Books and Web Resources on Moths

This week is National Moth Week. Why moths? Moths are extremely diverse, with about 160,000 species worldwide, and appear in a variety of sizes, shapes, and colors. Despite this incredible diversity, many moths are not well studied or are underappreciated; sometimes they are even feared. National Moth Week aims to give more attention to these creatures of the night and to encourage citizen scientists to study and document them.

One obstacle to starting out studying moths as an amateur is that they are not as well covered as birds or even butterflies when it comes to field guides and other references for a popular audience. Moths' diversity makes it difficult for any guide to include all of the possible species, even within a limited area like northeastern North America. Here are some useful books on moths in North America.

The Peterson Field Guide to Moths of Northeastern North America by David Beadle and Seabrooke Leckie is currently the best field guide for moths in its area. It covers macromoths pretty thoroughly and includes many of the more common micromoths. The photos are of living specimens. I reviewed this book here.

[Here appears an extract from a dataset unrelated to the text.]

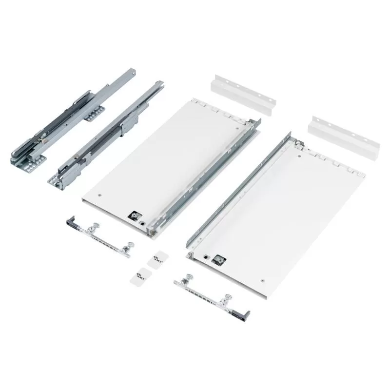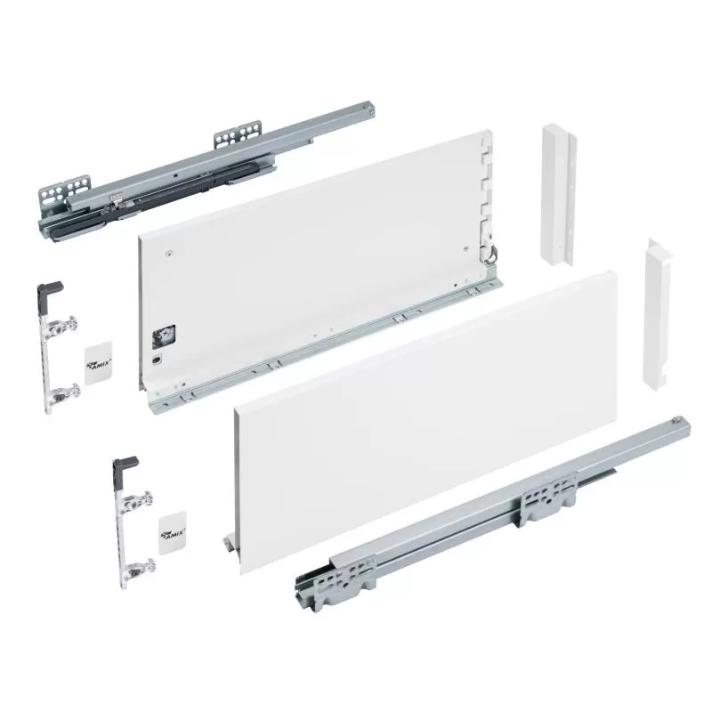 Szuflady ELITEBOX Amix to najnowsze rozwiązanie w dziedzinie szuflad typu slim (slimboxów). Szuflada dostosowana jest do płyty 18mm! Brak konieczności stosowania płyt 16mm przy montażu szuflad to wyjątkowa wygoda. Ograniczenie ilości odpadów, rozpis płyty w jednym rozkroju, możliwość korzystania z mnogości dekorów przy doborze płyty na spód i tył szuflad. Poza tym wyjątkowym aspektem szuflady Elitebox charakteryzuje wyjątkowo cicha praca SYNCHRONIZOWANEGO systemu jezdnego oraz siatka wymiarów bliźniacza z najpopularniejszymi systemami Blum Tandembox/GTV AxisPro/ Rejs Ultrabox

Charles Covell's Field Guide to Moths of Eastern North America has effectively been replaced by the previous guide though it covers a larger area. It uses spread-winged specimens, and some printings have black and white illustrations. The guide has been out of print for a long time, but a reprint is available from the Virginia Museum of Natural History.

Caterpillars of Eastern North America by David Wagner covers common caterpillars of both moths and butterflies. This is a useful starting point for learning about caterpillars.

Owlet Caterpillars of Eastern North America by David Wagner, Dale Schweitzer, J. Bolling Sullivan, Richard Reardon provides thorough coverage of caterpillars from the superfamily Noctuoidea. This is primarily for people who already have a pretty deep interest in moths. I reviewed it here.

Moths & Caterpillars of the North Woods by Jim Sogaard has limited coverage, but I found it useful when I was first learning moths.

Le guide des papillons du Québec – Version scientifique by Louis Handfield is a two-volume French language guide for northeastern North America.

Moths of Western North America by Jerry Powell and Paul Opler covers the western region.

Discovering Moths: Nighttime Jewels in Your Own Backyard by John Himmelman is not a field guide but a popular introduction to moths. It covers how to find and study moths, some aspects of moth biology, interesting lepidopterists, and moths in mythology and popular culture.

Tiger Moths and Woolly Bears: Behavior, Ecology, and Evolution of the Arctiidae, edited by William Conner, is a collection of articles on tiger moth biology.

The Moth Book: A Popular Guide to a Knowledge of the Moths of North America by W.J. Holland is available as a free download from the Biodiversity Heritage Library, which hosts a number of older books on Lepidoptera. It is also available from Google Books. The taxonomy is out of date, but it still may be a useful resource.

Because the books available can only cover so much, web resources are essential for confirming identifications and learning more about moths. Here are a few useful ones.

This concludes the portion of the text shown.